THE TASK |
Below are some records. Return exactly the lines from the one with "Esta toalla de" to the one with "李君为张建平颁发兼职教授聘书", and nothing else.

AVAILABLE DATA |
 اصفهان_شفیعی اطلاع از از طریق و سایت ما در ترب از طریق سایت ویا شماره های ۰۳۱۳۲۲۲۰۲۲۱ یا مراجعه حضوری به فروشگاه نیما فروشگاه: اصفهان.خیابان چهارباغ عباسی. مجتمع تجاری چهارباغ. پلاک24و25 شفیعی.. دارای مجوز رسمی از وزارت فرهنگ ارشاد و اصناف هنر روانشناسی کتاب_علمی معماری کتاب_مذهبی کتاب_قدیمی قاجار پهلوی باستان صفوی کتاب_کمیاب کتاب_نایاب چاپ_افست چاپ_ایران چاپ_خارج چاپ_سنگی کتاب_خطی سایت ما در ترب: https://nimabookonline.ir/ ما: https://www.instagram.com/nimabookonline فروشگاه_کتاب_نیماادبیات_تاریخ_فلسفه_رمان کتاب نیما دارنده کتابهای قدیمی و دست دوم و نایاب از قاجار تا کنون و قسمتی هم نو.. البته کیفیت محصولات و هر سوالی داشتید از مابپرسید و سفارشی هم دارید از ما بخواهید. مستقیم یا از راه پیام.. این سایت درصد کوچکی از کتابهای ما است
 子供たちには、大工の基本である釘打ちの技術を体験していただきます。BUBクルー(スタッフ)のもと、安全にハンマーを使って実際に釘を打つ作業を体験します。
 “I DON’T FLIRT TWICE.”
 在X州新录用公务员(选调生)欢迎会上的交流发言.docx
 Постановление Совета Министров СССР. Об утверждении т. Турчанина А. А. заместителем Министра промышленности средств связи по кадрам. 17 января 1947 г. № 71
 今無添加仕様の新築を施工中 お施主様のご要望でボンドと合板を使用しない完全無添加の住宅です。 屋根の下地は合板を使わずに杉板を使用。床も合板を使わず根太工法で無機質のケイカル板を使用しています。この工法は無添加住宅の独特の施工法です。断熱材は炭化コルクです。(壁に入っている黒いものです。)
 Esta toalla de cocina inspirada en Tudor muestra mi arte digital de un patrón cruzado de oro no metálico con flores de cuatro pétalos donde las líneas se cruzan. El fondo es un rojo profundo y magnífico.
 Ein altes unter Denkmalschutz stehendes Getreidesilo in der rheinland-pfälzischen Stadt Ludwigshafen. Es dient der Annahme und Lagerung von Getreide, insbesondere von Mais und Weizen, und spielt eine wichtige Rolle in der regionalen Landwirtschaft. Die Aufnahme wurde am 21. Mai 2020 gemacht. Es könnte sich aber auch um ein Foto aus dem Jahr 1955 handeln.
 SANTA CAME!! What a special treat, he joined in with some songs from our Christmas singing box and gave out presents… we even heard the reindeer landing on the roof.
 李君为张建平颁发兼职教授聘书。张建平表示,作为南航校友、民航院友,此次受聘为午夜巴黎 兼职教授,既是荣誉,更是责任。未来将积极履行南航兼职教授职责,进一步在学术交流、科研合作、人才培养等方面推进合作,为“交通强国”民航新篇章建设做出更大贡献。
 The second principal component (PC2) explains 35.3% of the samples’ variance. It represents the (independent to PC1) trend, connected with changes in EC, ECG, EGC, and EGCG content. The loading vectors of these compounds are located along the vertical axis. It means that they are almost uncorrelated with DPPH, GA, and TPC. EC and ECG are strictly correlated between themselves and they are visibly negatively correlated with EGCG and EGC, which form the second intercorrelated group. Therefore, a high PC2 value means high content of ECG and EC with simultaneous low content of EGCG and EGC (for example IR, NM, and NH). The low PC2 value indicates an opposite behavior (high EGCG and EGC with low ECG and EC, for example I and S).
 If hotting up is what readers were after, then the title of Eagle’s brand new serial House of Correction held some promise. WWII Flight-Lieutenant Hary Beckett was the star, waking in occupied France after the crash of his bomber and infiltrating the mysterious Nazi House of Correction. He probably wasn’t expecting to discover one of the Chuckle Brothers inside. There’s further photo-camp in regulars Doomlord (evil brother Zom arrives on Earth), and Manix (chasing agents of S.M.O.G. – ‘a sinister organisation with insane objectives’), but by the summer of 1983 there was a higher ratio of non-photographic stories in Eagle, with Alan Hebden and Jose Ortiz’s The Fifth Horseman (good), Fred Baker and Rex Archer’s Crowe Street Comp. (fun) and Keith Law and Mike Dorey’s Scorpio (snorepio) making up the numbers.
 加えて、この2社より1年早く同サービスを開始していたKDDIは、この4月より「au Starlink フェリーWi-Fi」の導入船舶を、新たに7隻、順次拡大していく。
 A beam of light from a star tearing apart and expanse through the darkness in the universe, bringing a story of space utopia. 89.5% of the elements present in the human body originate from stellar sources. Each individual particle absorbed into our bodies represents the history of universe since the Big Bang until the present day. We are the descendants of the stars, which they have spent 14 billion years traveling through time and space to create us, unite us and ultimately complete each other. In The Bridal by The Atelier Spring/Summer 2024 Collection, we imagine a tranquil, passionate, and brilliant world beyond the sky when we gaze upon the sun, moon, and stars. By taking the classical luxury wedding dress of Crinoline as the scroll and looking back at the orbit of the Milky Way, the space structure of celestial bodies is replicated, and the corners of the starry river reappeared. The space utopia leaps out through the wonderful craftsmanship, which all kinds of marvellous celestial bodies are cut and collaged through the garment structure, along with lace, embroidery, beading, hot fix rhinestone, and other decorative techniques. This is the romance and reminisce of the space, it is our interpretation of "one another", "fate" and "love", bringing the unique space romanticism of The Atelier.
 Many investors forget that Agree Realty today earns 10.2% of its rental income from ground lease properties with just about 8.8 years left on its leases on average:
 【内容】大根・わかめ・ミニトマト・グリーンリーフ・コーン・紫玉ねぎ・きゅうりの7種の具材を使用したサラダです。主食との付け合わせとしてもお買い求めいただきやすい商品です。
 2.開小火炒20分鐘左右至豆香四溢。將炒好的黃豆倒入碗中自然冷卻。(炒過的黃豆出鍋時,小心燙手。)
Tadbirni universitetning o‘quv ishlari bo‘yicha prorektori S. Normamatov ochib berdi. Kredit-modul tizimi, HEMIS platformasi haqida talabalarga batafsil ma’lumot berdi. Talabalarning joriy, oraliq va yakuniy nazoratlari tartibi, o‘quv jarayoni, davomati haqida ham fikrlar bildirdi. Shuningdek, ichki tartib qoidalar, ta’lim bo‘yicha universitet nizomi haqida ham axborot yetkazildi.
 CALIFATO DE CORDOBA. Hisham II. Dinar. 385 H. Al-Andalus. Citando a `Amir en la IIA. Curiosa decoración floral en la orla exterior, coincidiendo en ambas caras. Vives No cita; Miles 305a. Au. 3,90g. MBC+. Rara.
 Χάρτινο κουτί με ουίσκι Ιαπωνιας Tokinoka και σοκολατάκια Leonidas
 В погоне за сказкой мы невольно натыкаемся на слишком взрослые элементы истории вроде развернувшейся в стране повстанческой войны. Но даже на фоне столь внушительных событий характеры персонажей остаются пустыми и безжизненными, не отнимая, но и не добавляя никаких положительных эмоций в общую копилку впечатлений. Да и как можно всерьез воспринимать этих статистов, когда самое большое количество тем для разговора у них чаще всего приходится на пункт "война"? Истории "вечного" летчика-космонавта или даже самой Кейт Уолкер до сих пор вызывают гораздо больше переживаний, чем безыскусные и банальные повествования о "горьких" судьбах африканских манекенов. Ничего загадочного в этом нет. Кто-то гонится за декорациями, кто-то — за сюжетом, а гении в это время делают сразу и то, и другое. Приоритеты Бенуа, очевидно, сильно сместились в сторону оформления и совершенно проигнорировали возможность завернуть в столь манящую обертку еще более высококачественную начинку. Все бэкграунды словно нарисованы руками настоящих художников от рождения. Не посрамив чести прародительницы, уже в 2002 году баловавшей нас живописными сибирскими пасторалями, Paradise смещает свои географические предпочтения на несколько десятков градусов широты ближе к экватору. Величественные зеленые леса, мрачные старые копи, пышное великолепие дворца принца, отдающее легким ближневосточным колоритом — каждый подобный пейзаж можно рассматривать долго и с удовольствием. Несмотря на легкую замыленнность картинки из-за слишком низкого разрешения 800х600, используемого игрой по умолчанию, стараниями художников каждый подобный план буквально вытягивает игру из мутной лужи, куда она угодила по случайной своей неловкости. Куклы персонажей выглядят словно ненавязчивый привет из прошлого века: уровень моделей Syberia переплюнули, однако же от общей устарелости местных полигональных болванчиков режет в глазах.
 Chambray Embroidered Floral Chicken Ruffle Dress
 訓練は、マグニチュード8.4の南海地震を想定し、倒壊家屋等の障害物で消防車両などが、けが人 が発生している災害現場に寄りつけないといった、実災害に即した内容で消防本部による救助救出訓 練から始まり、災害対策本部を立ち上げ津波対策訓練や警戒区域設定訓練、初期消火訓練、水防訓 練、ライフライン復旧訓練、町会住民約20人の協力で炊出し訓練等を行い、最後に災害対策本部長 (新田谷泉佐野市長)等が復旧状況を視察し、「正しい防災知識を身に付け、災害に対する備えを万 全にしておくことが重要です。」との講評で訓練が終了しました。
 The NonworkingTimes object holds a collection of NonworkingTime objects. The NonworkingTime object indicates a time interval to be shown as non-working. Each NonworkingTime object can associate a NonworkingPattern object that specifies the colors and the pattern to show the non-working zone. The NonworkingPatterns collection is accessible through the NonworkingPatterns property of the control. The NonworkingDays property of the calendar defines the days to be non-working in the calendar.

TASK RESULT |
 Esta toalla de cocina inspirada en Tudor muestra mi arte digital de un patrón cruzado de oro no metálico con flores de cuatro pétalos donde las líneas se cruzan. El fondo es un rojo profundo y magnífico.
 Ein altes unter Denkmalschutz stehendes Getreidesilo in der rheinland-pfälzischen Stadt Ludwigshafen. Es dient der Annahme und Lagerung von Getreide, insbesondere von Mais und Weizen, und spielt eine wichtige Rolle in der regionalen Landwirtschaft. Die Aufnahme wurde am 21. Mai 2020 gemacht. Es könnte sich aber auch um ein Foto aus dem Jahr 1955 handeln.
 SANTA CAME!! What a special treat, he joined in with some songs from our Christmas singing box and gave out presents… we even heard the reindeer landing on the roof.
 李君为张建平颁发兼职教授聘书。张建平表示,作为南航校友、民航院友,此次受聘为午夜巴黎 兼职教授,既是荣誉,更是责任。未来将积极履行南航兼职教授职责,进一步在学术交流、科研合作、人才培养等方面推进合作,为“交通强国”民航新篇章建设做出更大贡献。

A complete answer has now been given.